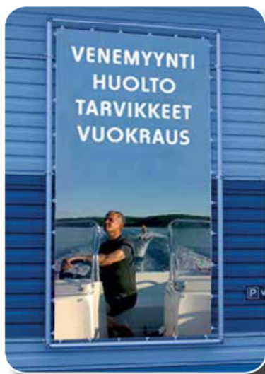
Seinäteline MMP 2200 x 3200 mm Mainoskangas 1800 x 2800 mm (Tuote 26810)
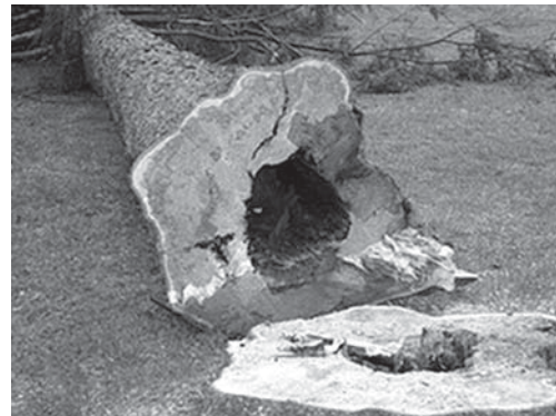
Posebno su opasna trula i bolesna stabla
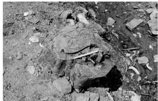
동티의 방지(웅천읍 구룡리)
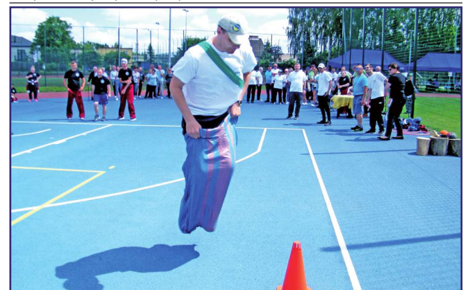
Oprócz konkurencji indywidualnych, rozegrano również cztery konkurencje drużynowe, w których o wyniku decydował czas ukończenia konkurencji.
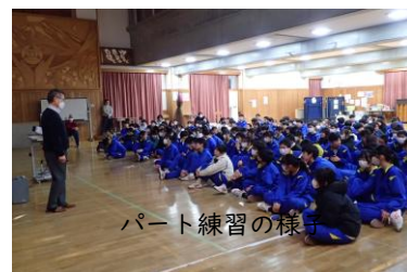
パート練習の様子

デートDV啓発セミナー(3年) 講師の方をお呼びしてデートDVについて学びました。
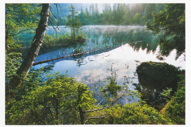
Lago de Cresta en Flims, cantón de los Grisones
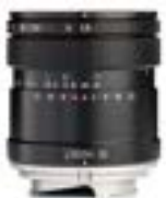
Lydith 30mm F3.5 II
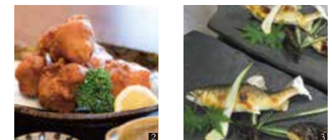
② 東栄町の錦爽鶏の唐揚げ定食 ③ 鮎料理。夏季限定、要予約で提供します
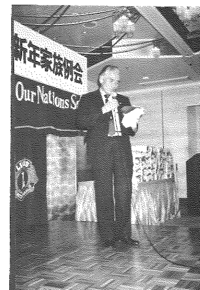
区、Cの熟演 ヨー大統領
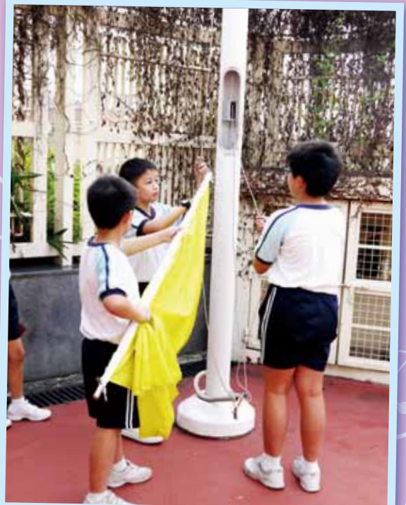
隊員們努力練習升旗
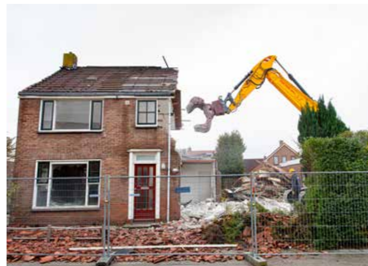
Sloop Zilverlaan, Wolvega

De bouw begint waarschijnlijk eind maart 2022. We verwachten dat ook deze huurders de sleutel na de zomervakantie van 2022 kunnen krijgen.
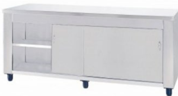
NI ERSY ΕΡΜΑΡΙΟ ΜΕ ΔΥΟ ΣΥΡΟΜΕΝΕΣ ΠΟΡΤΕΣ ΣΕ ΠΟΛΛΑ ΜΕΓΕΘΗ
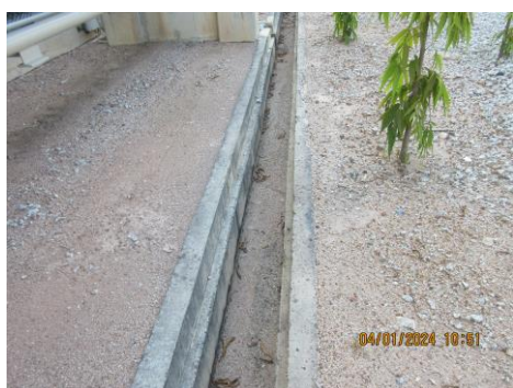
ภาพที่ 2-3 รังระบายน้ำ

• [EXERCISE INSTRUCTIONS]:
Your task is to transcribe all of the records precisely, with no images included.

• [TASK RESULT]:
Seinäteline MMP 2200 x 3200 mm Mainoskangas 1800 x 2800 mm (Tuote 26810)
Posebno su opasna trula i bolesna stabla
동티의 방지(웅천읍 구룡리)
Oprócz konkurencji indywidualnych, rozegrano również cztery konkurencje drużynowe, w których o wyniku decydował czas ukończenia konkurencji.
パート練習の様子

デートDV啓発セミナー(3年) 講師の方をお呼びしてデートDVについて学びました。
Lago de Cresta en Flims, cantón de los Grisones
Lydith 30mm F3.5 II
② 東栄町の錦爽鶏の唐揚げ定食 ③ 鮎料理。夏季限定、要予約で提供します
区、Cの熟演 ヨー大統領
隊員們努力練習升旗
Sloop Zilverlaan, Wolvega

De bouw begint waarschijnlijk eind maart 2022. We verwachten dat ook deze huurders de sleutel na de zomervakantie van 2022 kunnen krijgen.
NI ERSY ΕΡΜΑΡΙΟ ΜΕ ΔΥΟ ΣΥΡΟΜΕΝΕΣ ΠΟΡΤΕΣ ΣΕ ΠΟΛΛΑ ΜΕΓΕΘΗ
ภาพที่ 2-3 รังระบายน้ำ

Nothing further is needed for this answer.